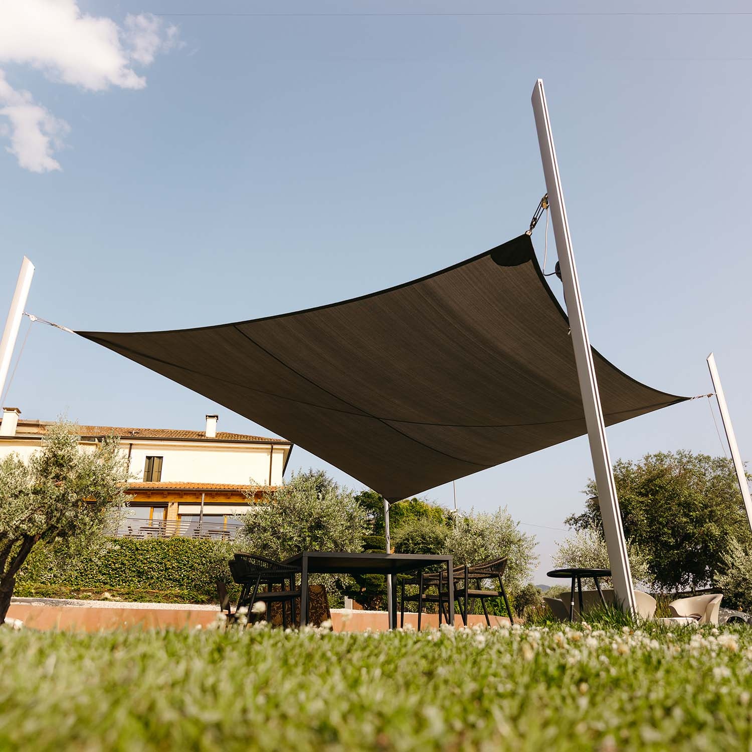 Postes de anclaje estudiados y diseñados para la fijación segura de las velas de sombra. Disponible en acero, acero inoxidable 304 y aluminio. Ideal para instalaciones en jardines, terrazas y áticos, incluso en presencia de viento.
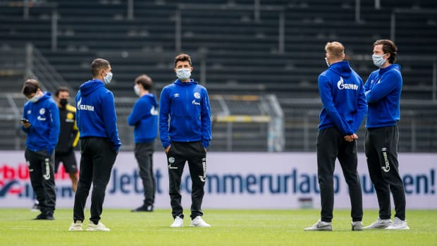 Jobst and Schneider said that worried players were given the opportunity to back out of the return to play without repercussion, but all were willing to comply. They entered quarantine at the beginning of last week inside a Courtyard Marriott located just a block north of Schalke’s stadium. A nice change of pace for the players was that everyone got his own room. The tough part was that besides training each day and meals—during which players had to eat two meters apart—they had to stay in them. There was 24-hour security on each of the three floors occupied by players and coaches, as well as outside the hotel. They had their own entrance, and anyone going in or out had their temperature taken.
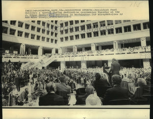 1975 Press Photo President Ford at dedication ceremony of FBI Hoover Bldg.
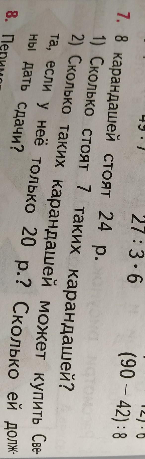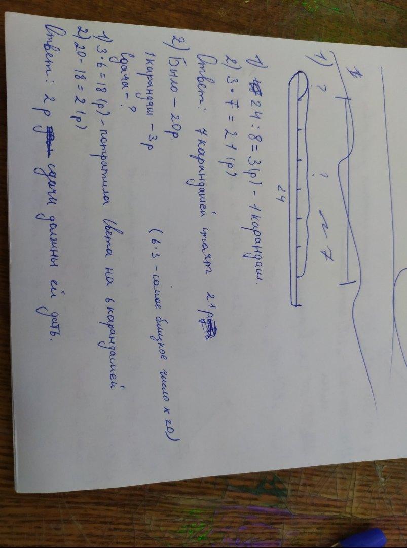 2. Из 20 ближайшее делится на 3 только 18, значит 18:3 =6 Света сможет купить 6 карандашей и сдача 2 рубля
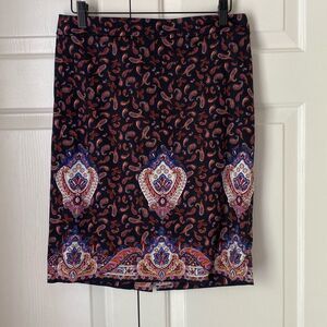 J. Crew Printed pencil skirt in sateen dot Size 2 Paisley Red Currant Gray
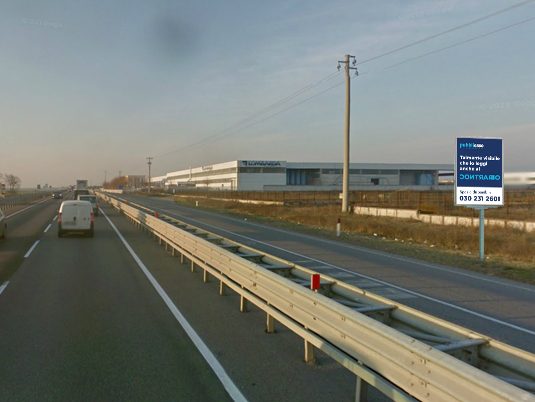 Cartello pubblicitario bifacciale formato cm 200x150, posizionato lungo SP BS 236 km 47+262 dx nel comune di Montichiari.
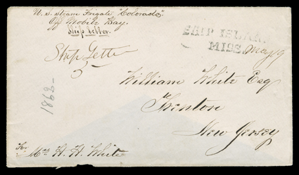 1215 c   U.S. Navy covers, letters and correspondences, over 55 covers and over 45 letters (most often the cover with the original letter), principally from the 1860's, being largely the correspondence of George H. White, a member of the Engineering Corps of the U.S. Navy, written while on board the Colorado and the Nantucket while in the Gulf of Mexico during the Civil War, an later on the Pacific coast while on board the Resaca, the naval ship that carried the Commission to Sitka, Russian Alaska to negotiate the sale and transfer of Alaska from Russia to the U.S. in the spring of 1867, also many Basford correspondence covers written from Acapulco while on board the White Falcon, plus a range of other naval cover including Wachusett, Winona, Hartford, Pawnee, Jamestown, Alaska and others, nice range of ship and steamship markings and rates, some usual faults, largely fine-very fine, many with interesting and historical contents. Est. $3,000-4,000
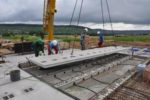 Die statische Wirkung der einachsig gespannten vorgefertigten Deckenplatten muss jedoch durch die passende Konstruktion auch den Anforderungen an eine Flachdecke genügen. Das wird durch die Anordnung von Gurtstreifen erreicht, die als deckengleiche Unterzüge von Stütze zu Stütze spannen. Die Lastabtragung ist mit dem System eines Trägerrostes zu vergleichen, indem die einachsig gespannten Deckenplatten sich in die Gurtstreifen einhängen. Die technische Umsetzung des Gurtstreifens wird durch die vorgefertigte Deckenplatte direkt ausgeführt. Die untere Platte des Sandwichquerschnitts stellt die integrierte Schalung dar, innerhalb der die Bügelbewehrung für den Gurtstreifen bereits werkseitig eingebaut ist [Bild 11]. Lediglich die untere und obere Längsbewehrung muss dann vor Ort noch in den Gurtstreifen eingelegt werden. Bei größeren Spannweiten wird anstelle der schlaffen eine vorgespannte Bewehrung in Form von Monolitzen verwendet [3]. Mit dem örtlichen Betonieren des Gurtstreifens entsteht ein Vollquerschnitt, der in der Lage ist, die aus den senkrecht dazu angeordneten Platten sicher aufzunehmen und zur Stütze zu transportieren [Bild 12].
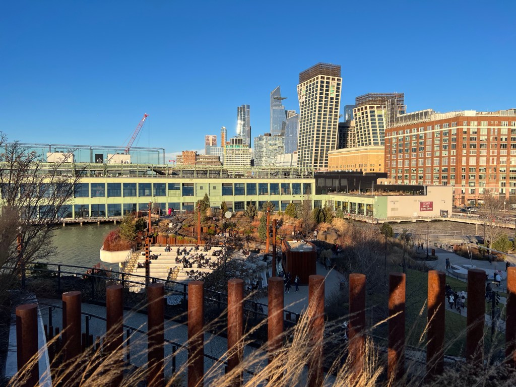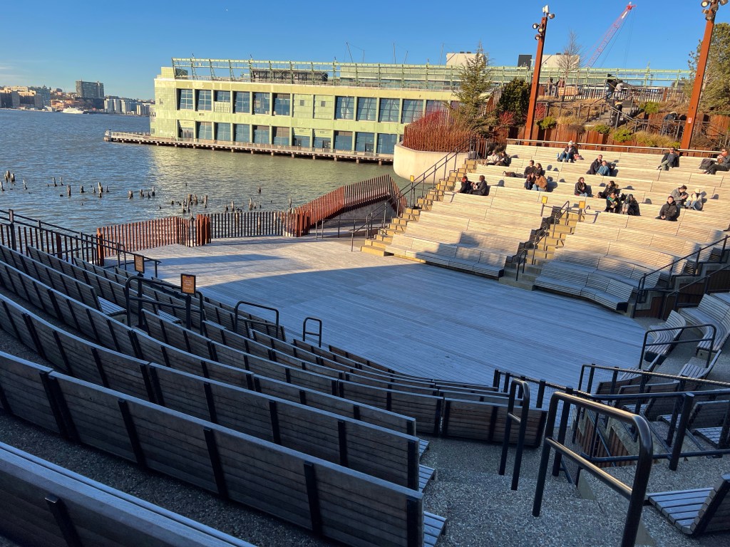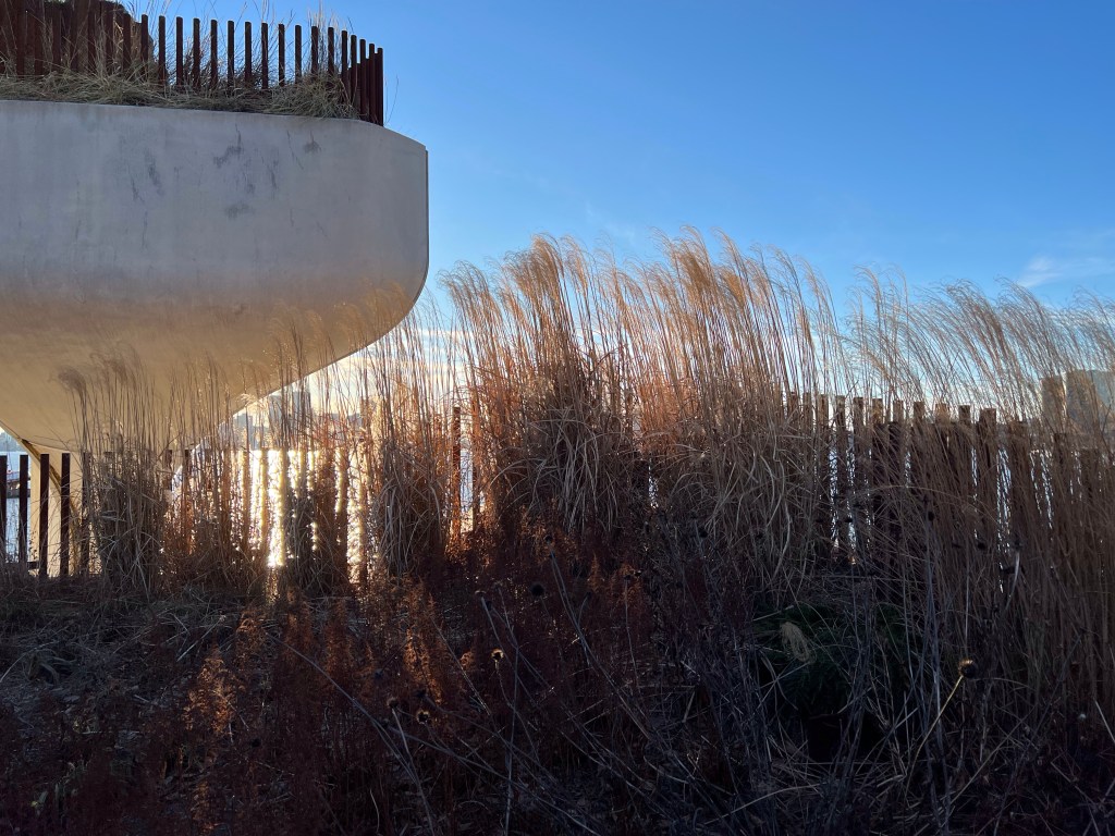 In 2012 Hurricane Sandy hit NYC, leaving heavy damage in her wake, including Pier 54. In 2013 the Hudson River Park Trust partnered with the Diller-von Furstenberg Family Foundation to begin development on a whole new kind of park. The park is literally built in the river; comprised of 132 “tulip pots” (giant columns with bowls at the top sunk into the river to form the base of the park). The park covers 2.4 acres filled with trees, shrubs, grasses, and bulbs. There’s an amphitheater, trails, tables and chairs, in the summer there are a couple of food trucks, and some benches scattered about.
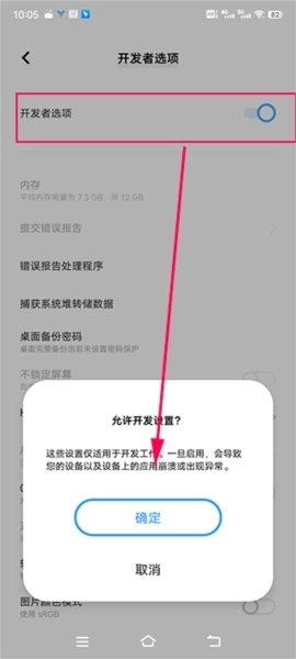 3、进入开发者选项界面后,需勾选“开发者选项”这一选项。
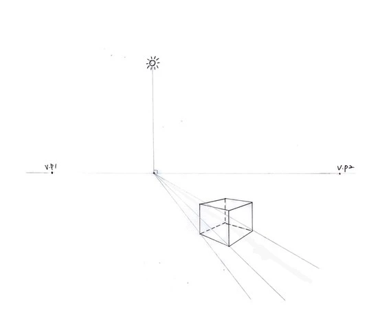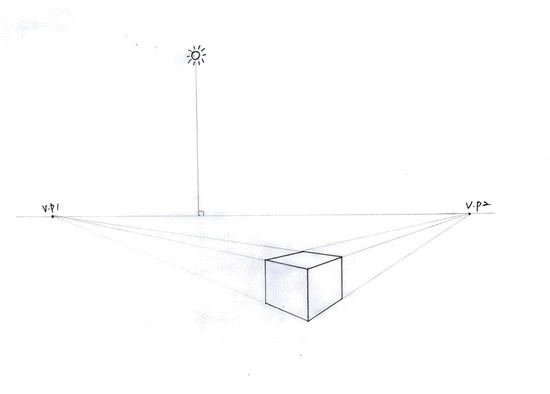 적당한 높이에 해를 두고 두 소실점이 있는 눈높이선에 수직선을 그어 서로 만나는 곳이 그림자의 소실점이에요.
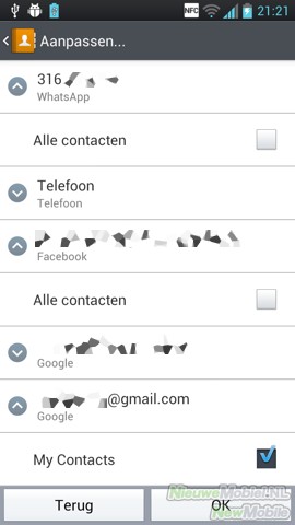 Zoals zojuist besproken kent deze LG een aparte applicatie om te bellen en een aparte applicatie om je contacten in te bekijken. Vreemd genoeg kun je contacten ook bekijken vanuit de bel-app maar die is qua functionaliteit toch net iets anders. Dit kan wat verwarrend overkomen. Zo is het telefoonboek vele malen uitgebreider, met name qua instellingen. Van gekoppelde accounts kun je bijvoorbeeld aangeven of die contacten ook weergegeven moeten worden. Helaas mist een optie om alleen contacten weer te geven met een gekoppeld telefoonnummer. Beschikt dat contact wel over een telefoonnummer dan verschijnt achter de naam een telefoon-icoontje om direct een gesprek te beginnen.
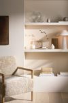 The perfect backdrop for any space, Najwa is keen to remind people that colour isn’t the only way we can inject interest into our homes: ‘Use sculptural pieces. Since the colour is subtle, let bold shapes take centre stage: curved sofas, chunky ceramics, oversized lighting…’, adding that the shade glows in natural light and can ban be brought to life at night with warm lighting. Chrissie similarly advises arranging long stems in glossy, white-glazed clay vases, or wildflowers in sandy-textured bud vases to use the shade in creative ways. ‘Opt for white pieces featuring geometric or organic shapes hand-pressed in papier-mâché, and frame them in warm mango wood for a subtle contrast.’
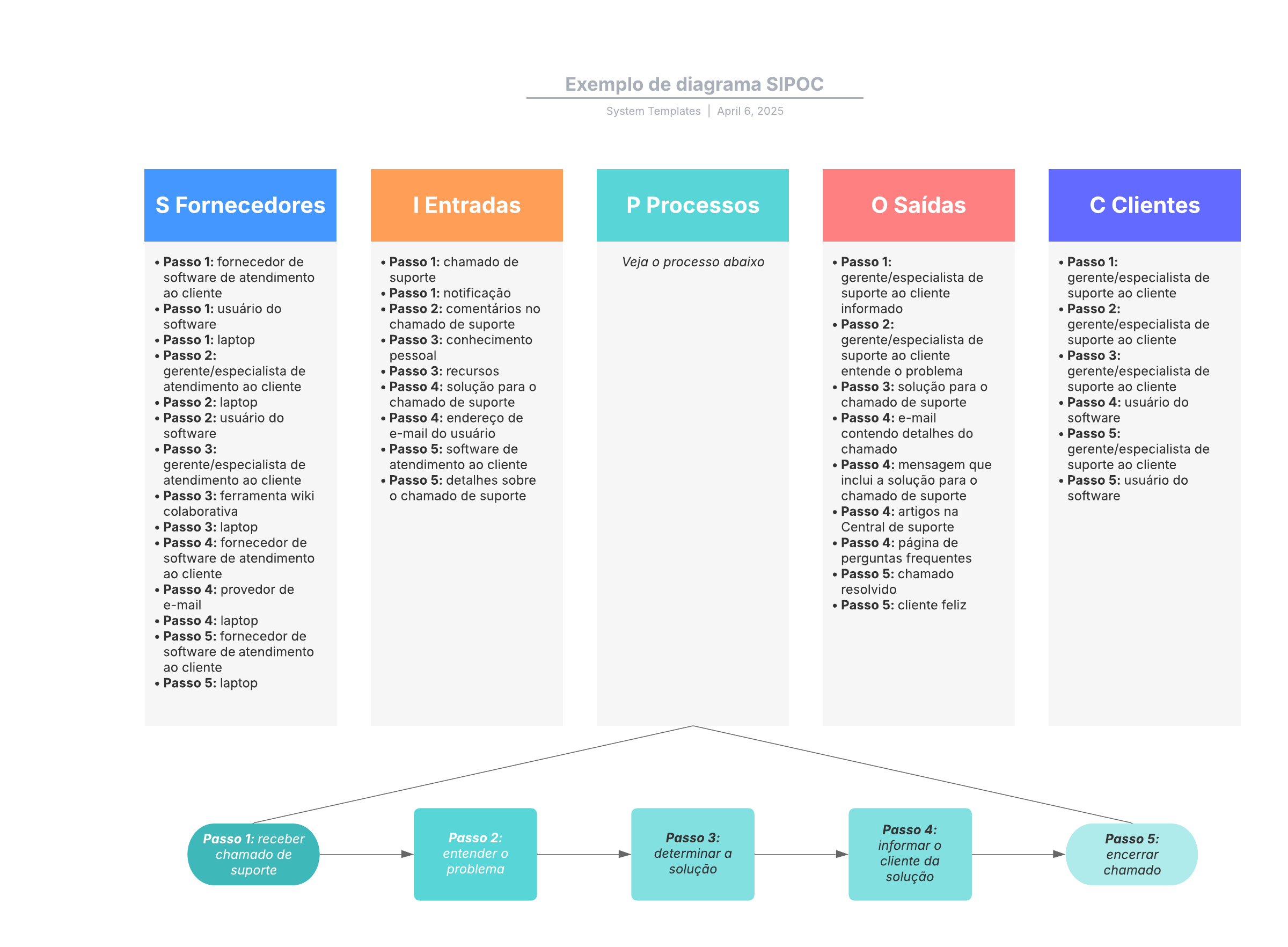 Abra este modelo para exibir um exemplo detalhado de um diagrama SIPOC básico, personalizável de acordo com seu caso de uso.
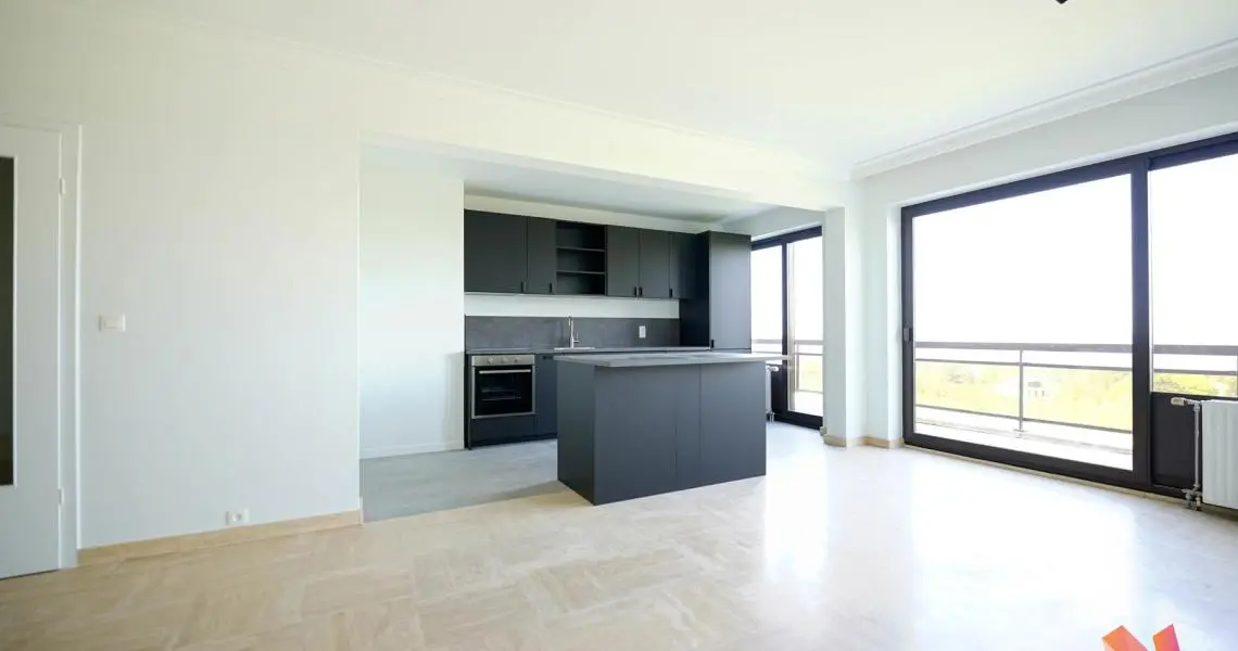 Uccle, Avenue Circulaire, à deux pas de l'Observatoire, superbe penthouse récemment rénové comprenant : un grand hall d'entrée, un vaste séjour de 40 m2 avec une cuisine américaine super-équipée, un hall de nuit qui dessert deux belles chambres de 16m2 et 12m2, une salle de douche et deux toilettes.
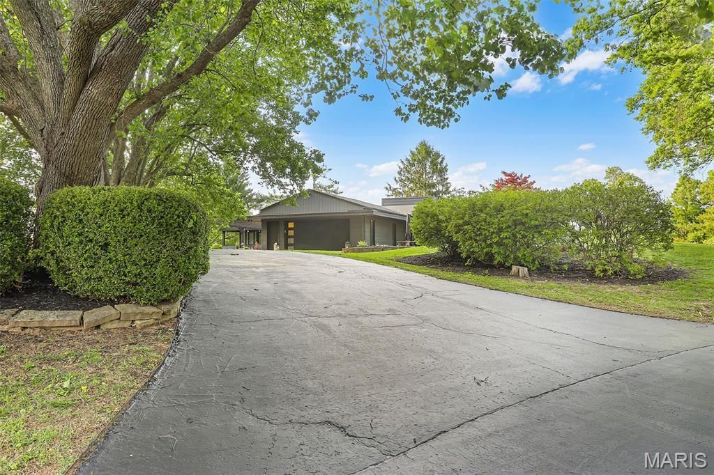 This stunning 1964 Frank Lloyd Wright-inspired mid-century modern home is tucked away in a private enclave in Old Jamestown, offering a rare blend of architectural character and natural serenity. Set on a beautifully tree-lined 1-acre lot and surrounded by additional acres of manicured common ground, the property delivers a true sense of retreat. Designed for both comfort and entertaining, the home features expansive open living spaces with exposed beams, plank ceilings, and two spacious living rooms. The oversized two-car garage and generous parking area add convenience, while three patios and a large deck with a built-in hot tub create seamless indoor-outdoor living. The chef's kitchen is a standout, complete with double ovens and ample workspace. The impressive primary suite offers abundant space, while guests will enjoy a private suite featuring a striking stone fireplace and an oversized walk-in closet. At the heart of the home, a dramatic stone chimney anchors the Great Room, enhanced by a Buck-stove fireplace insert-perfect for cozy evenings. As an added bonus, residents enjoy access to an exclusive private saltwater pool and clubhouse, just a short walk away.
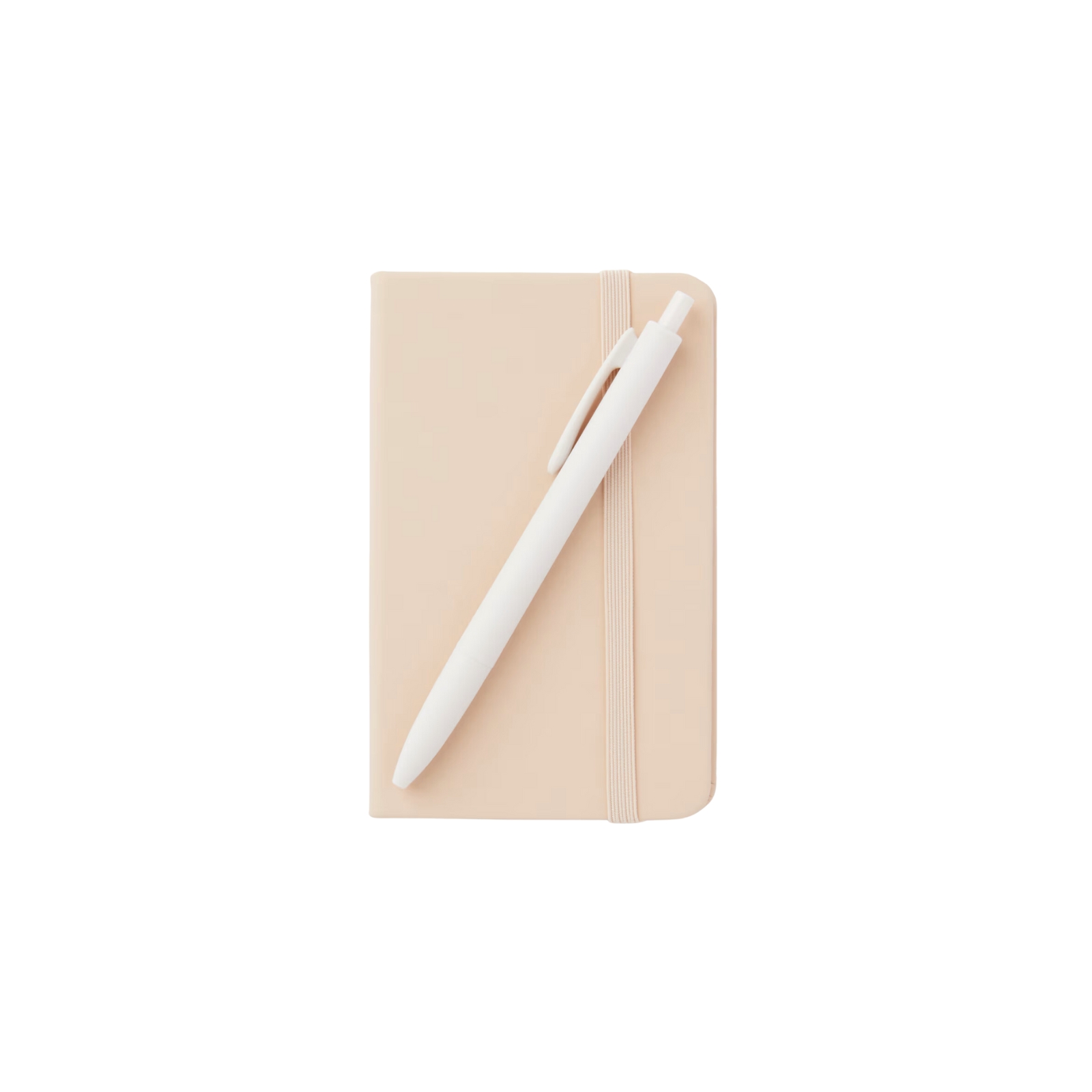 Liten skrivbok klädd i konstläder med färgmatchad elastisk snodd, perfekt att ta med i handväskan eller på resan.
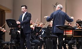 Концертное исполнение оперы "Оттон" композитора Георга Фридриха Генделя в Концертном зале имени П.И. Чайковского. Дирижер Кристофер Мулдс (справа) и оперный певец Александр Миминошвили (слева) во время исполнения.
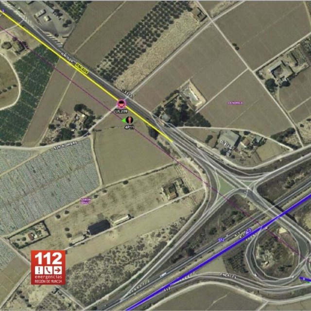 19:34 horas.- Servicios de emergencia han intervenido en un accidente de tráfico ocurrido en carretera RM-609, en la salida de Totana hacia la A-7, antes de llegar a la rotonda de acceso a la mencionada autovía.
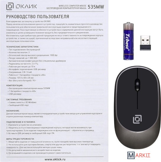 Markit » Компьютерные мыши » Мышь Oklick 535MW (черный/серый)

[INSTRUCTIONS TO FOLLOW]: I would like you to retype exactly the lines running from the one containing "Liten skrivbok klädd" to the last line of the entries, both included, leaving all pictures out.

[REPLY TO THE TASK]:
 Liten skrivbok klädd i konstläder med färgmatchad elastisk snodd, perfekt att ta med i handväskan eller på resan.
 Концертное исполнение оперы "Оттон" композитора Георга Фридриха Генделя в Концертном зале имени П.И. Чайковского. Дирижер Кристофер Мулдс (справа) и оперный певец Александр Миминошвили (слева) во время исполнения.
 19:34 horas.- Servicios de emergencia han intervenido en un accidente de tráfico ocurrido en carretera RM-609, en la salida de Totana hacia la A-7, antes de llegar a la rotonda de acceso a la mencionada autovía.
 Markit » Компьютерные мыши » Мышь Oklick 535MW (черный/серый)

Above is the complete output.